Question about which tools to use, bugs, the best way to implement a function, etc should go here. Don't forget to see if your question is answered in the wiki first! When in doubt post here.
User avatar
Octacone
Member
Member
Posts: 1138
Joined: Fri Aug 07, 2015 6:13 am

Re: Undefined Array Triple Fault

Post by Octacone »

simeonz wrote:
Octacone wrote:Is this a joke!?

This actually doesn't crash:

Code: Select all

command_t command_list[10000]; //but when set to 10 does
In this manner, if you access the first element, you are accessing some location 1MB below the stack. This will jump over the unmapped memory gap and into some other memory, which in your case appears to be mapped. It is still buggy, but doesn't trigger crash immediately. If you enable "-fstack-check", it should crash. The option tells the compiler to probe all the allocated stack pages, whenever the stack frame becomes too big. (This switch is useful to prevent user mode exploits, where a function with very big frame can be used to jump over the guard page of the stack into heap territory.)

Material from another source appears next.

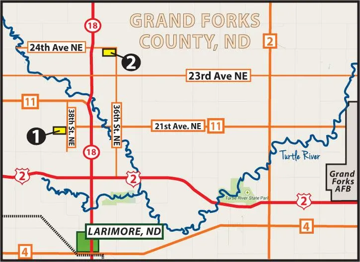 Driving Directions: From the intersection of US HWY #2 and ND #18 drive 2 miles north to 21st Ave NE. Then go 1 mile west on 21st Ave NE. This will bring you to the northeast corner of Parcel 1. From Parcel 1, continue north 3 miles to 24th Ave NE, then east mile this will bring you to the northwest corner of Parcel 2.

The "-fstack-usage" output from the previous discussion is suspicious somehow, because even 10 pointers should be 80 bytes. Is this array statically or stack allocated.
I enabled -fstack-check and it didn't crash. Really suspicious.

@LtG
What exactly to look for? I managed to disassemble all the code and .rodata .text tables.
OS: Basic OS
About: 32 Bit Monolithic Kernel Written in C++ and Assembly, Custom FAT 32 Bootloader
LtG
Member
Member
Posts: 384
Joined: Thu Aug 13, 2015 4:57 pm

Re: Undefined Array Triple Fault

Post by LtG »

Post your linker.ld and the disassembled code that is responsible for the triple-fault. Or in the case of 10 vs 10k check for the difference in the disassembly and post that too. You could also post the relevant pieces of readelf or if it's not too big maybe "readelf -a" to post all of it.

Obviously, you are using a proper cross-compiler, right?
User avatar
Octacone
Member
Member
Posts: 1138
Joined: Fri Aug 07, 2015 6:13 am

Re: Undefined Array Triple Fault

Post by Octacone »

LtG wrote:Post your linker.ld and the disassembled code that is responsible for the triple-fault. Or in the case of 10 vs 10k check for the difference in the disassembly and post that too. You could also post the relevant pieces of readelf or if it's not too big maybe "readelf -a" to post all of it.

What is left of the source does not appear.